Lady Hatchet sat on the edge and stayed dry. “I didn’t get any blood on me. I don’t need to get wet.”
Thorn entered the fountain and made sure he stayed between the two old women so that nobody else would get hurt, although it seemed their fighting was over.
* *
That evening, the new rebel union and the old original union joined for a farewell party. Thorn promenaded into an ostentatiously festooned hall with Lady Hatchet. She was wearing her customary hair twist, however it was now up at the very top of her head and went to a point. She almost looked like a unicorn.

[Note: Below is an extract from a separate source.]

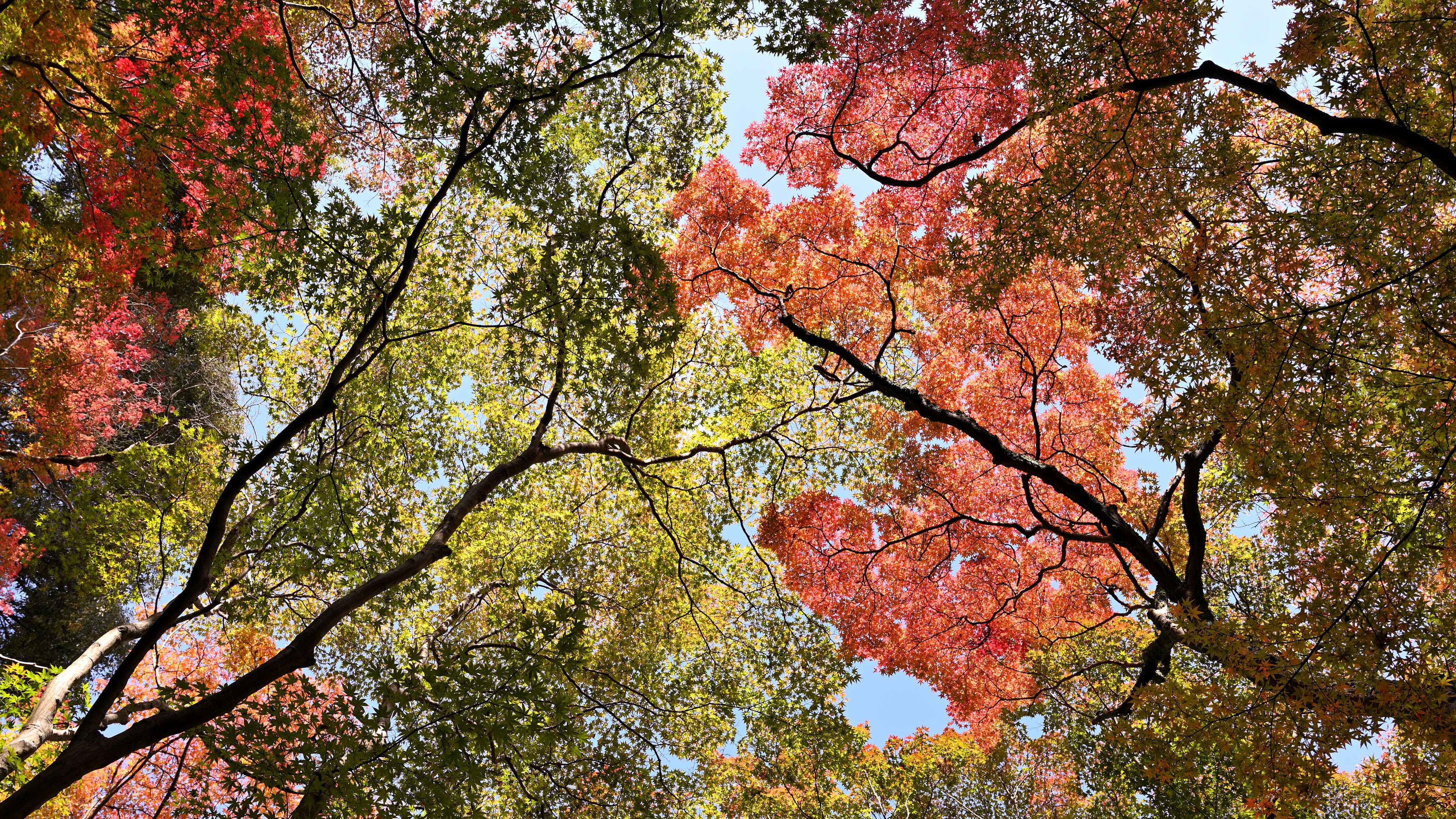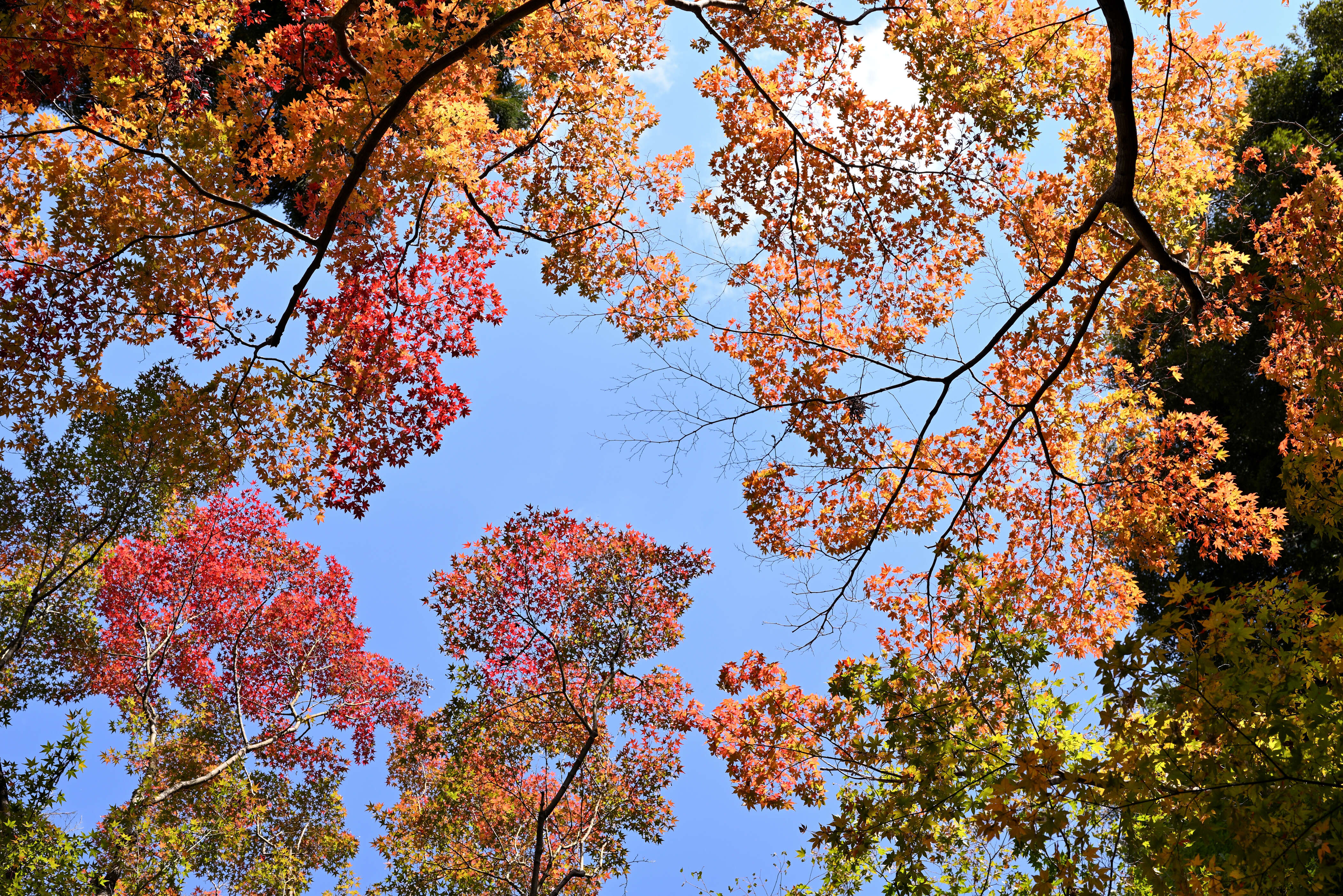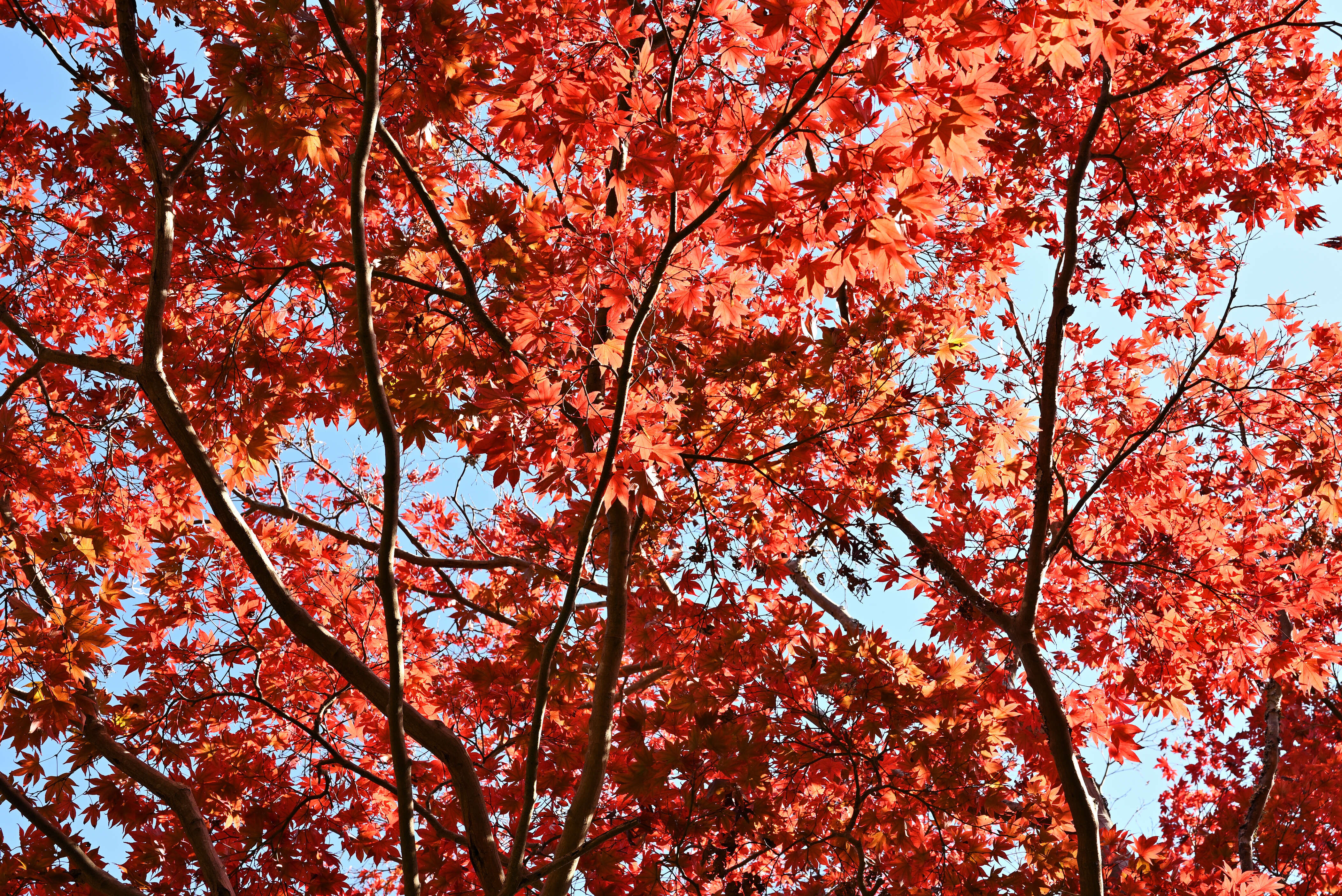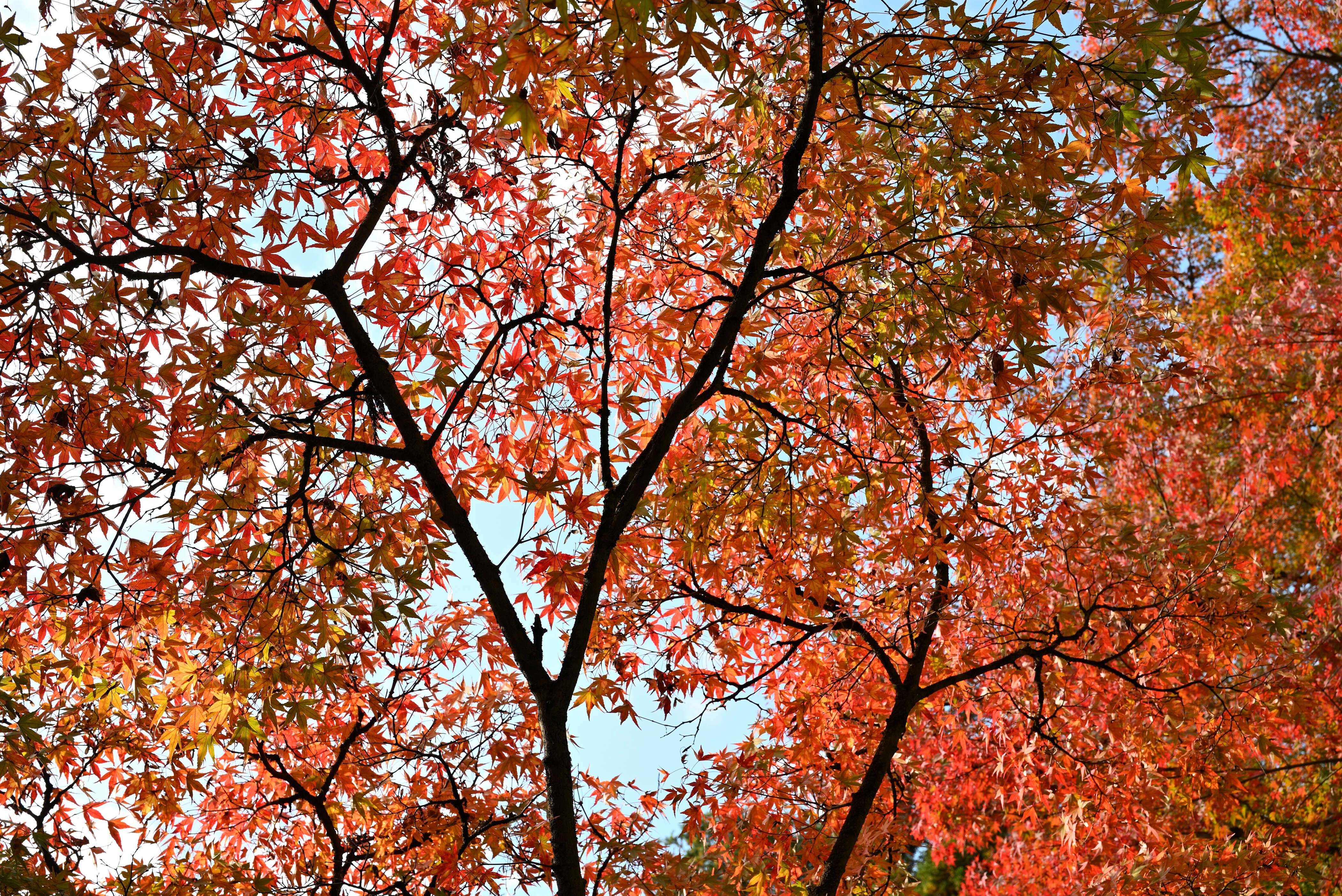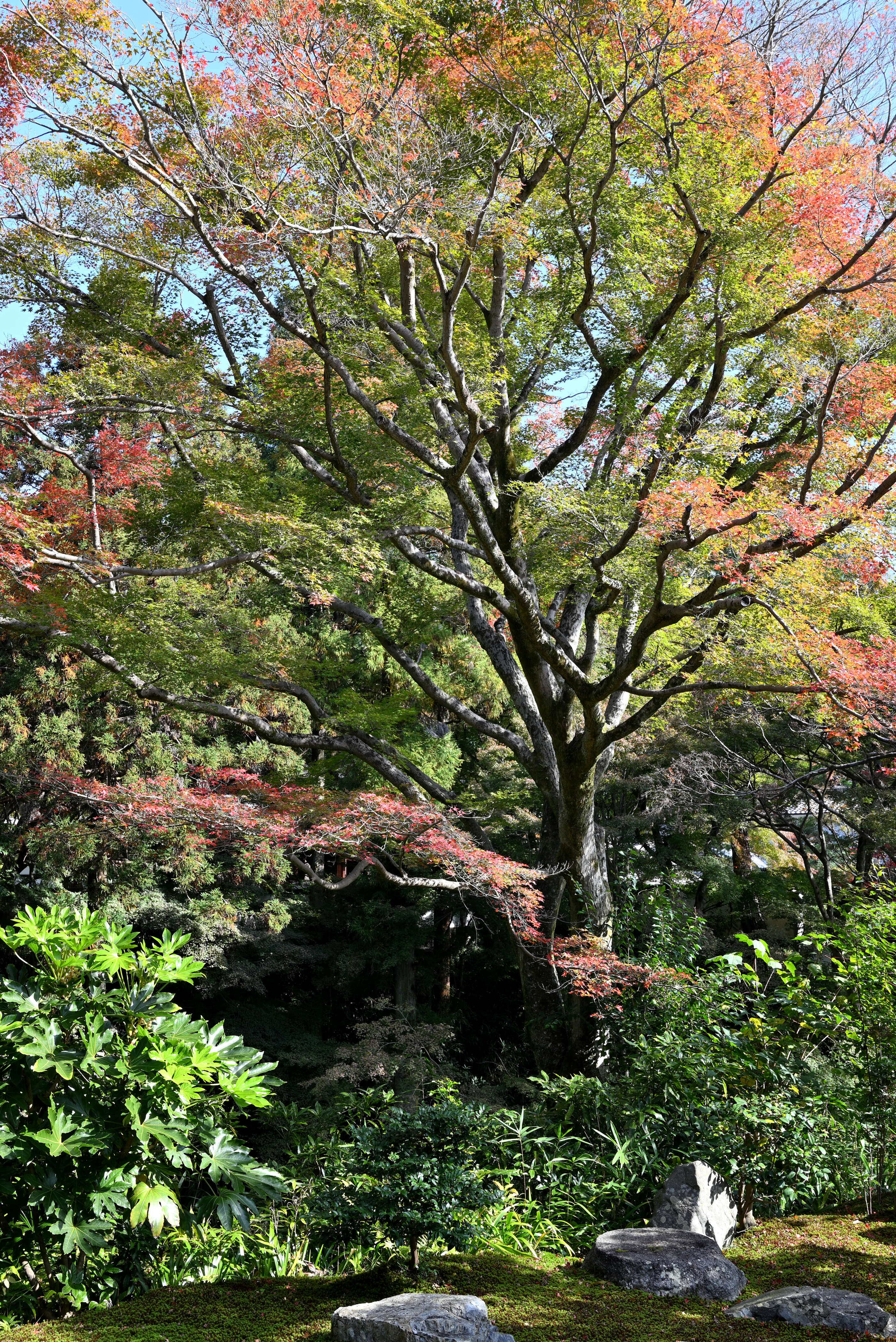 Im Enkō-ji Tempel eröffnen offene Räume wunderschöne Blicke auf herbstliche Gärten. Der Rurikō-in Tempel begeistert mit Spiegelungen der Bäume auf einem Tisch im Innenraum. Zufällig entdecke ich den Renge-ji Tempel, ruhig, zenartig, bevor ich Kyoto Station und den Skywalk besuche.
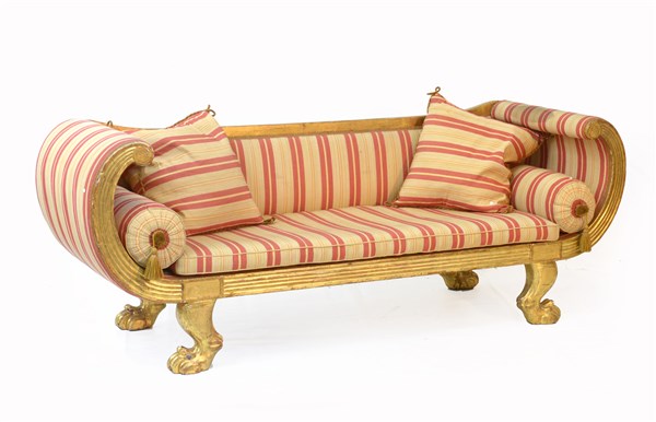 Dormeause in legno dorato , piedi a zampa ferina, secolo XIX (con quattro cuscini) (difetti)

Thorn said, “I’m surprised at how many workers there are when everybody is in one place.”
She smiled. “As long as they can all see me.”
“It looks so completely cheerful. Odd.”
“Cheerful? It’s a damn party, idiot. It’s a shame you can’t smell these flowers. They’re like a dream.”
“No, I mean, I thought they were fighting,” Thorn explained himself, “the different unions. The old and the rebel.” He put his nose to a flower, anyway. He sadly sniffed in blank air.
She laughed. “There’s nothing more conciliatory than permanent goodbyes, now is there.” She sniffed at one of the elephantine white calla lilies. “These must have been made just for the occasion. I’ve never seen any like this before. So big! Damn.”
In the central courtyard he saw people hugging and smiling, some through tears. He said, “That war melted down fast.”
“People’s hearts melt fast.” She pulled him along. “It’s a shame you can’t appreciate these snacks. The flavors are so much more than salt.”